What needs to be done:
Below are entries. Give back exactly the lines from the one containing "Lleva tus documentos" through the one containing "Add a touch", inclusive, without the pictures.

Dataset entries:
■ ■ ■ ■ ■ ■ ■

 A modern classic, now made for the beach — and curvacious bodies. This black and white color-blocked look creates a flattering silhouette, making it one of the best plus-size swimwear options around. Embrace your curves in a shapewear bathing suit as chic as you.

■ ■ ■ ■ ■ ■ ■

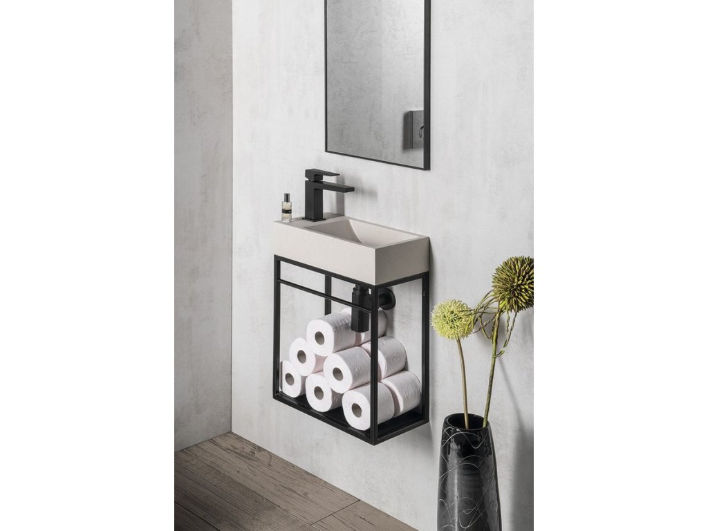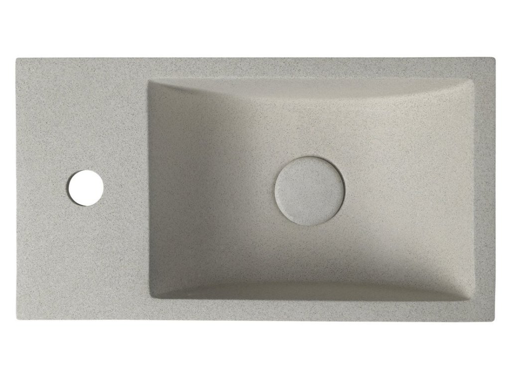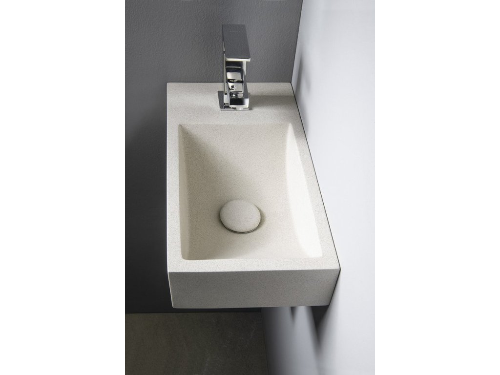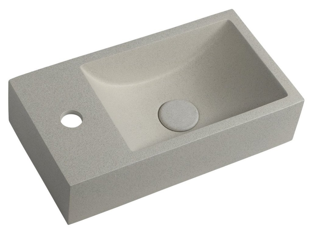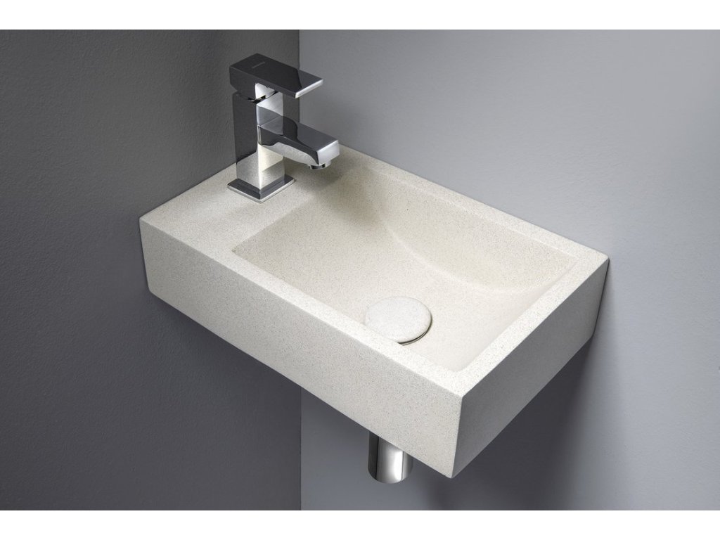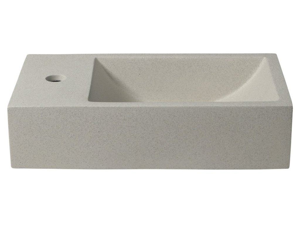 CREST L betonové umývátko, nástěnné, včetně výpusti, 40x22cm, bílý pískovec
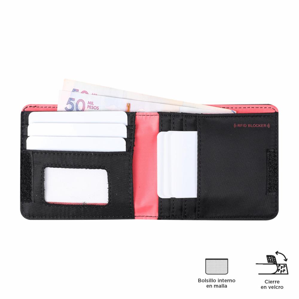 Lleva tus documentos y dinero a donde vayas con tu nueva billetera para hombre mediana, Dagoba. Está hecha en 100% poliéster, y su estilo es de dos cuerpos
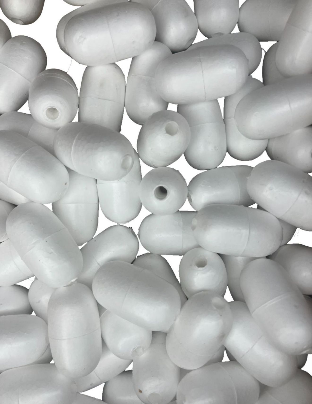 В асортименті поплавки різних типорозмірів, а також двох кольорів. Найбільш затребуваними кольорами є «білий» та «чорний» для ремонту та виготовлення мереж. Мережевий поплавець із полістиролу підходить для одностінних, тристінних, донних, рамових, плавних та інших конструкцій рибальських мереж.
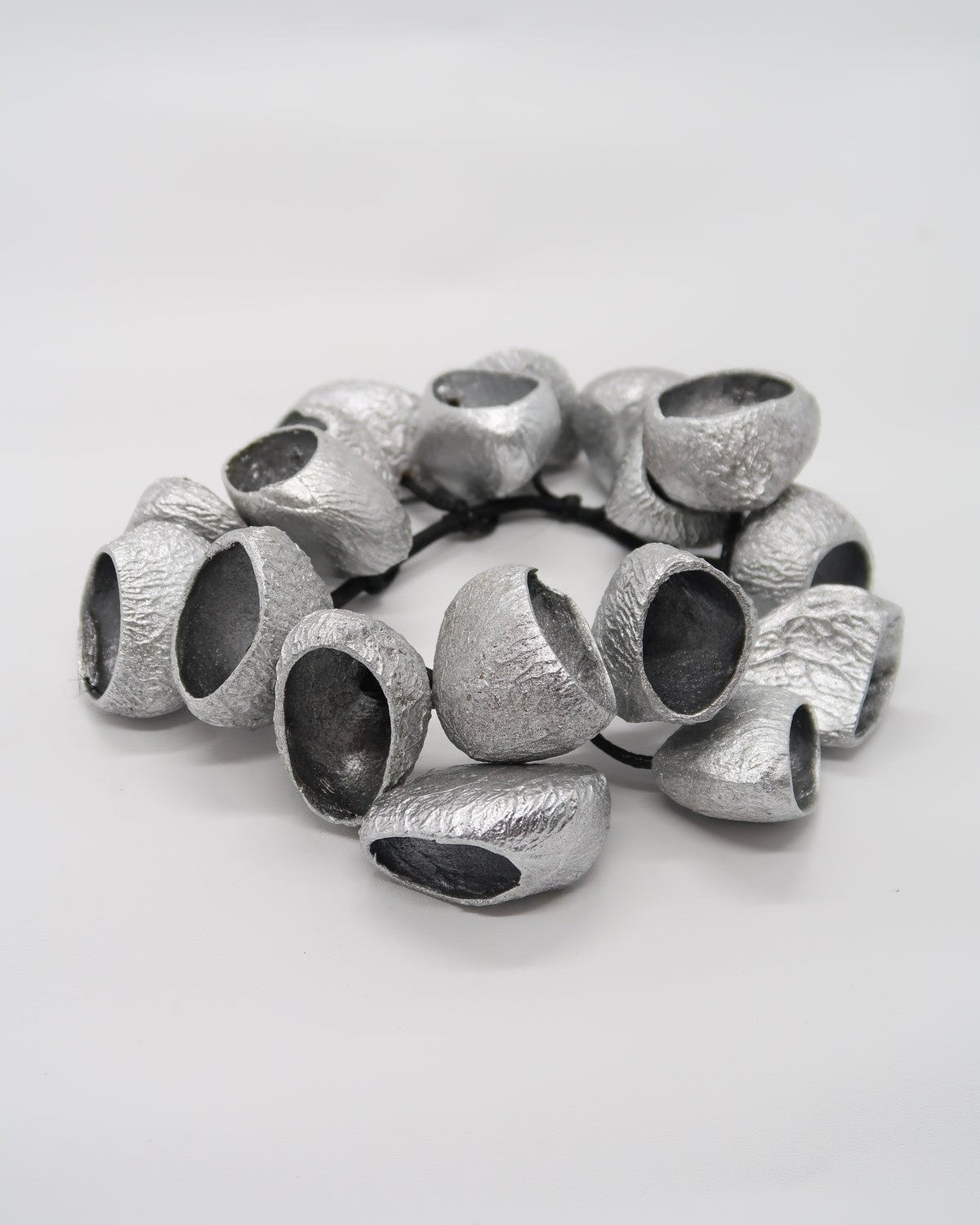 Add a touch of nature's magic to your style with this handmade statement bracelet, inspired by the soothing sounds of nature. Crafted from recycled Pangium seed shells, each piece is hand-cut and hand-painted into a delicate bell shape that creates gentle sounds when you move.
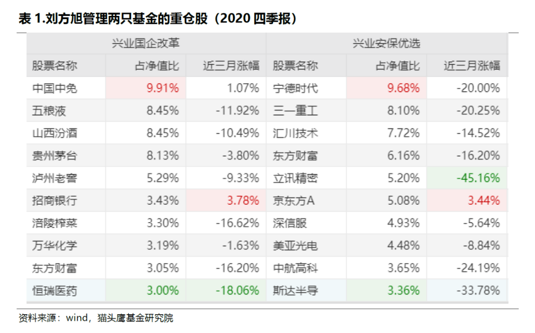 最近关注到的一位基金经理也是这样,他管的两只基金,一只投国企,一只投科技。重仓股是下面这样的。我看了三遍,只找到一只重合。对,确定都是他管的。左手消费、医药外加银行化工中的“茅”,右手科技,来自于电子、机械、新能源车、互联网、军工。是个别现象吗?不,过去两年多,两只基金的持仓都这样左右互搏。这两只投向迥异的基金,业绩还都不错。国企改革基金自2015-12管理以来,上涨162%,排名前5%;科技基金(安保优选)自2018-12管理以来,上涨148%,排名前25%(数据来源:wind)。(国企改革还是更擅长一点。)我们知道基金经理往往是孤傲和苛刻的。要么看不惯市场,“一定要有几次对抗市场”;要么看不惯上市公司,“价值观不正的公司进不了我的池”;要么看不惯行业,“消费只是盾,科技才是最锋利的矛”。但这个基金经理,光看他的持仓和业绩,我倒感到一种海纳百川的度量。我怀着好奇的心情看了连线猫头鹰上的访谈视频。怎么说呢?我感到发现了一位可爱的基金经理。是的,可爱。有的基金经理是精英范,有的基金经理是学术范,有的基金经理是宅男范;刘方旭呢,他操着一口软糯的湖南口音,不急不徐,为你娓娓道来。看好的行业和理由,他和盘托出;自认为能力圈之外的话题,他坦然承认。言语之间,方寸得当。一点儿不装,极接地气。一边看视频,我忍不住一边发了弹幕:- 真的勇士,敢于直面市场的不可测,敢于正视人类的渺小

■ ■ ■ ■ ■ ■ ■

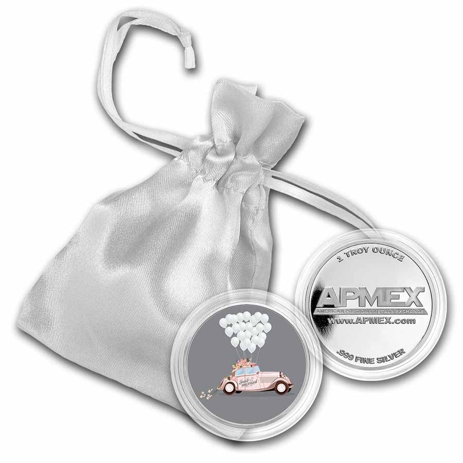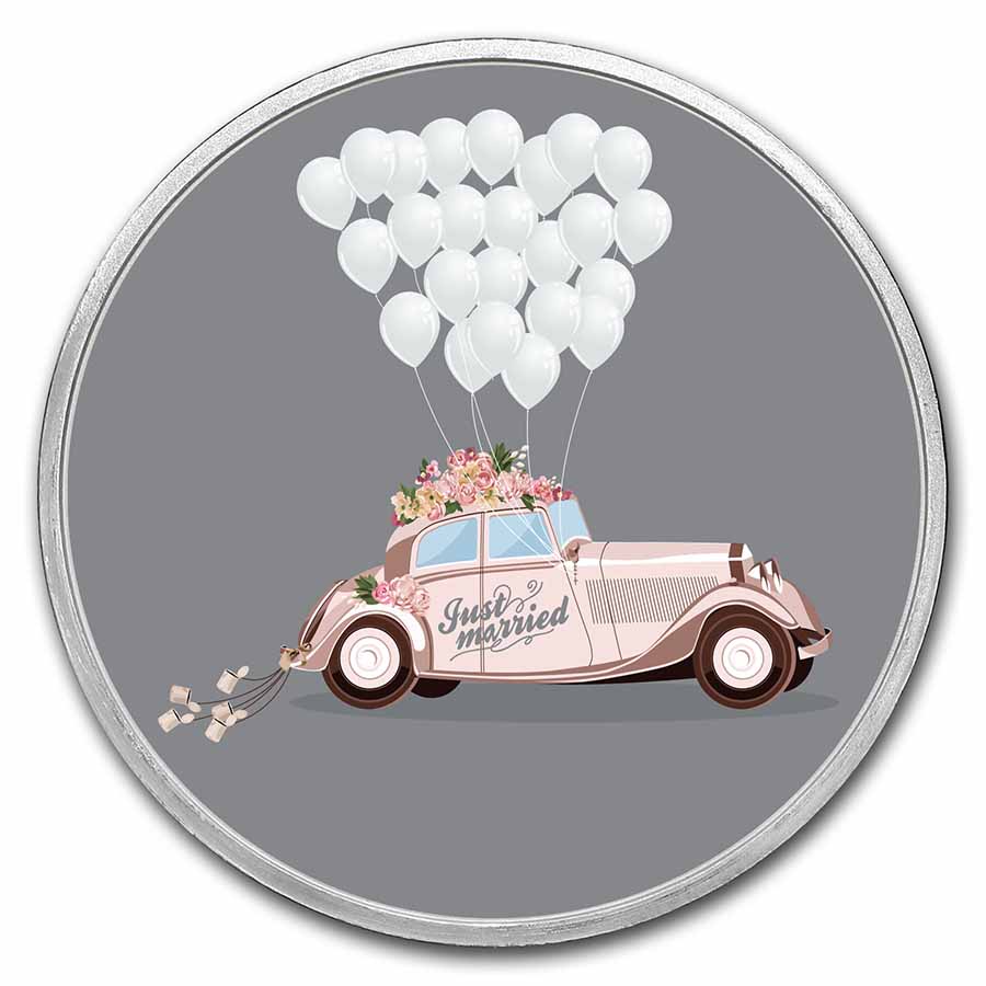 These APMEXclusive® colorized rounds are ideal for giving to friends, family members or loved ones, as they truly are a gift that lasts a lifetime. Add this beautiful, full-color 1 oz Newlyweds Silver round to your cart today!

■ ■ ■ ■ ■ ■ ■

The completed task:
 Lleva tus documentos y dinero a donde vayas con tu nueva billetera para hombre mediana, Dagoba. Está hecha en 100% poliéster, y su estilo es de dos cuerpos
 В асортименті поплавки різних типорозмірів, а також двох кольорів. Найбільш затребуваними кольорами є «білий» та «чорний» для ремонту та виготовлення мереж. Мережевий поплавець із полістиролу підходить для одностінних, тристінних, донних, рамових, плавних та інших конструкцій рибальських мереж.
 Add a touch of nature's magic to your style with this handmade statement bracelet, inspired by the soothing sounds of nature. Crafted from recycled Pangium seed shells, each piece is hand-cut and hand-painted into a delicate bell shape that creates gentle sounds when you move.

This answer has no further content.